Likely encouraged by Joseph's example (vv. 52-53), these women were also willing to identify with Jesus and offered something costly to honor him in his death. They followed Joseph and saw the amount of burial spices used to hastily anoint Jesus before the coming of the Sabbath (v. 54; John 19:39). Though surely thankful for all that Joseph did, they determined to prepare even more perfumes and ointments for him (8:2-3; 24:1). rested. A display of genuine faith and piety (see 1:6; notes on Exod. 20:10; Deut. 5:14). See WLC 117, 121.

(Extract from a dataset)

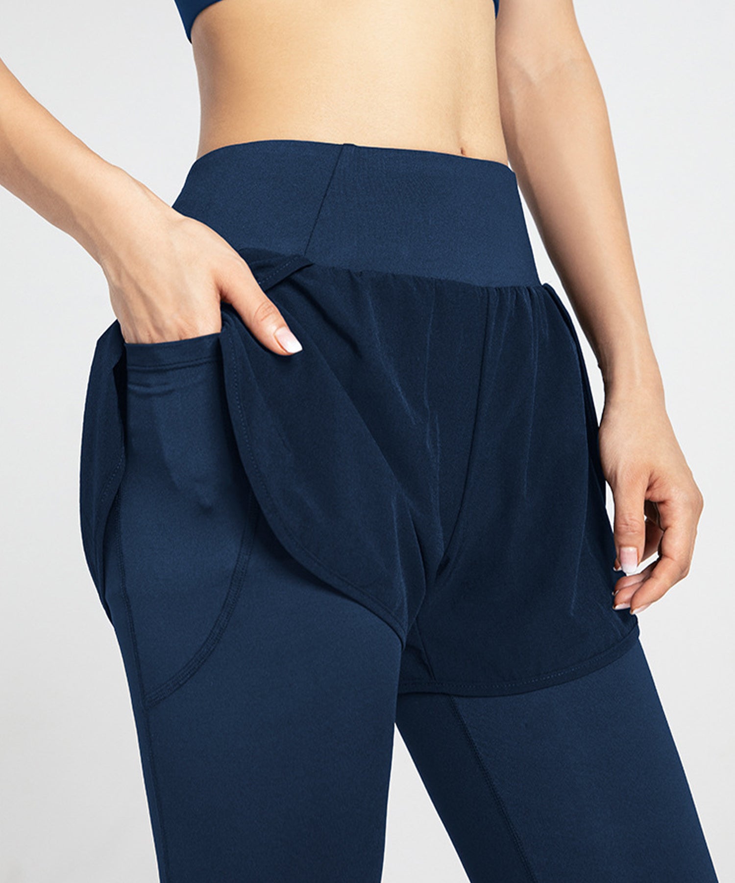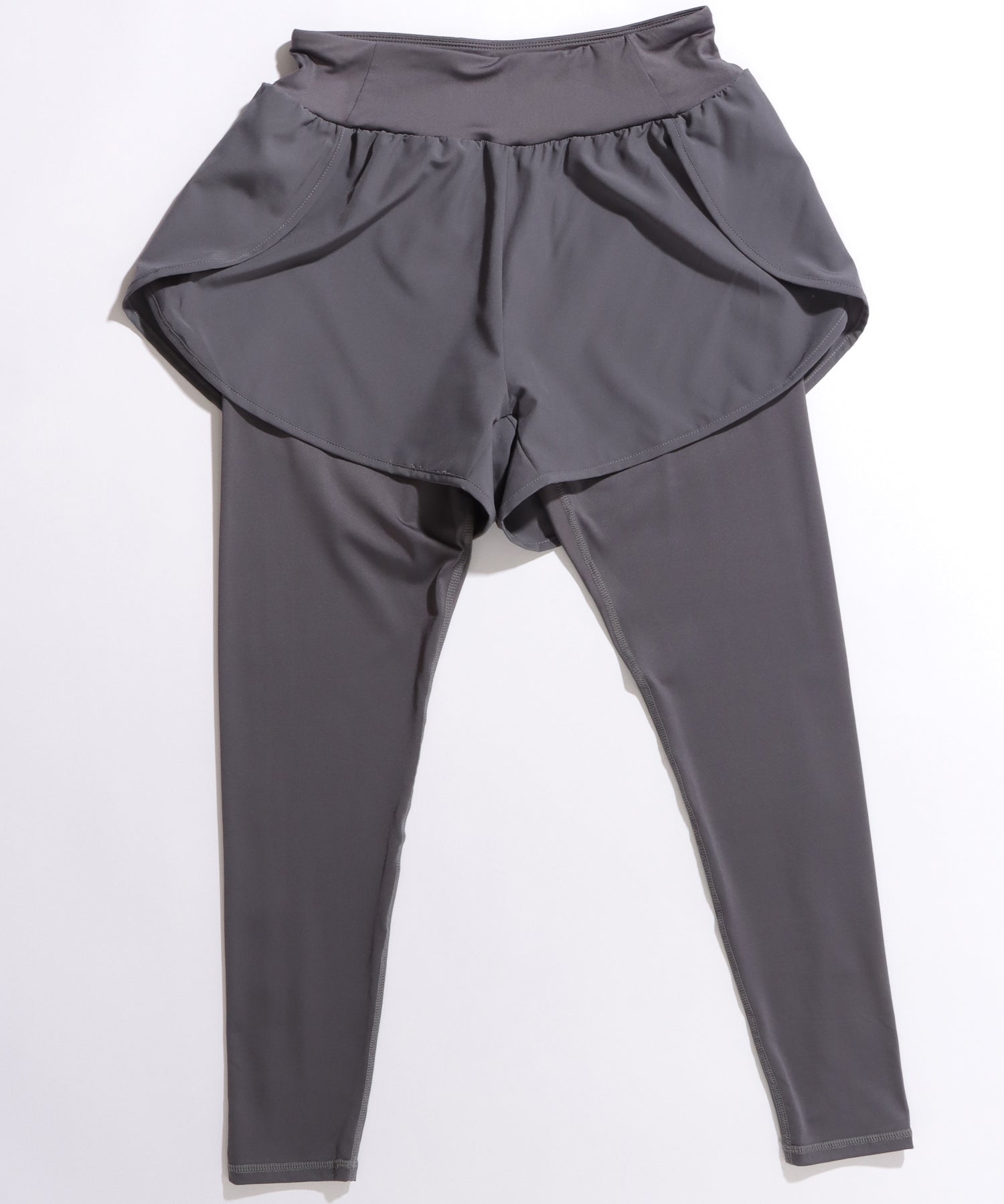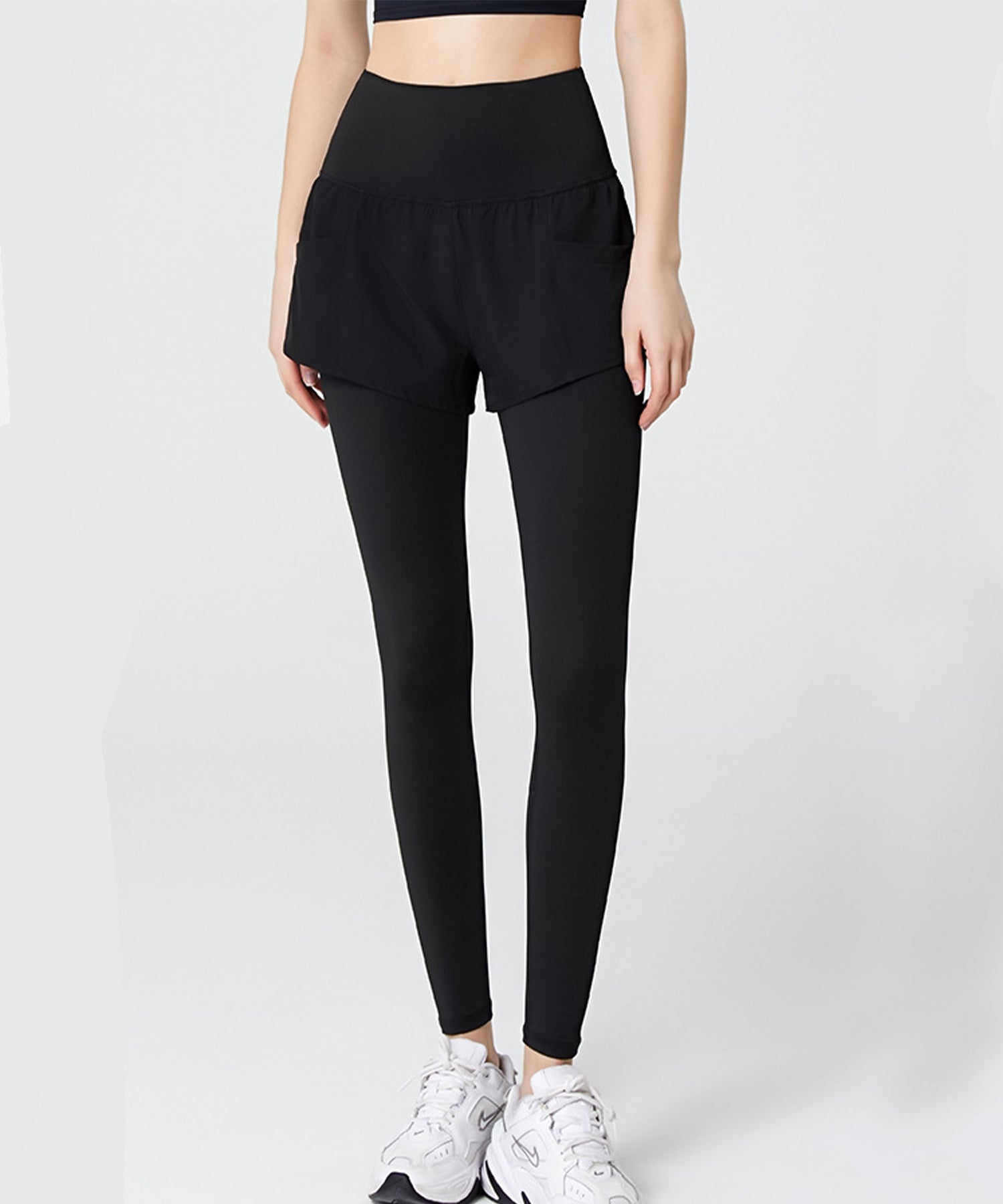 フェイクレイヤード ハイウエスト ポケット付き ヨガ レギンス 水陸両用

Jesus' Resurrection - Luke 24:1-49

Though condemned by the Jewish leaders and Roman government, God vindicated the work of his Son, Jesus (1 Tim 3:16). By raising him back to life, he indicated that Jesus did indeed atone for sins and would not reign with all authority (Eph. 1:22-23; Phil. 2:5-11). Thus, the resurrection became the bedrock of Christian hope for salvation (1 Cor. 15:12-20, 54-57).

Luke 24:1

first day. It is early Sunday morning. This caused a shift in believers' day of worship (Acts 20:7; 1 Cor. 16:2; Rev. 1:10). they. The women return to finish anointing Jesus's body in burial (22:39, 54-56). spices. The ancient Jews did not practice any form of embalming. Instead, they covered corpses with spices and ointments in burial (23:26).

Luke 24:3

Jesus' body was gone because he was raised from the dead (vv. 5-6). His resurrection was not simply spiritual; his physical body was given new life (v. 39; Acts 2:27).

Luke 24:4

These two men were angelic beings (v. 23; Matt. 28:2, 4; see note on 1:11). Like Jesus' birth, this glorious event was attended by God's messengers (1:26-38; 2:8-14).

Luke 24:5

fear. A typical response to the appearance of angels (1:12, 30; 2:9; 8:50; Gen. 15:1; Judg. 6:23; Dan. 10:12, 19). living among the dead. Despite following Jesus, the women did not expect to find him alive (see v. 6).

Luke 24:6-7

The angels offered a mild rebuke to the women. Jesus had repeatedly told his followers that he would die and rise again (9:22, 44; 18:32-33). Son of Man. A title for Jesus (see note on 5:22-24).

Luke 24:6

See WCF 29.6

Luke 24:8-10

Luke's account contains marks of its own authenticity (see notes 1:1-4). In Jewish culture, women were not permitted to act as a witness in court. Yet, they are the first to witness the empty tomb (v. 3). If the account was made up, women would not be written as arriving first. Nor would Luke include names. Doing so implicitly meant anyone could find these women and ask them about what they saw (see 1 Cor. 15:6).

Luke 24:10

Mary Magdalene. See notes on 8:2-3. Joanna. See notes on 8:2-3. Mary the mother of James. See Mark 15:40; 16:1. other women. Probably the women disciples and supports mentioned earlier (8:1-3; 23:49, 55). apostles. These men were appointed by Jesus to take the good news of Jesus death and resurrection to all nations (see note on 6:13)

Luke 24:11-12

The women's story seemed too good to be true. Yet, Peter went to see for himself (John 20:3-6). wondering. The empty tomb gave him hope, but not seeing Jesus himself left him unsure about its meaning (v. 24).

Luke 24:13

day. Sunday, the day of Jesus' resurrection (v. 1). two. That is, two of Jesus' disciples. One was named Cleopas (v. 18). Emmaus. A village thought to be west of Jerusalem, but its exact location is unknown. sixty stadia. About seven miles (eleven kilometers).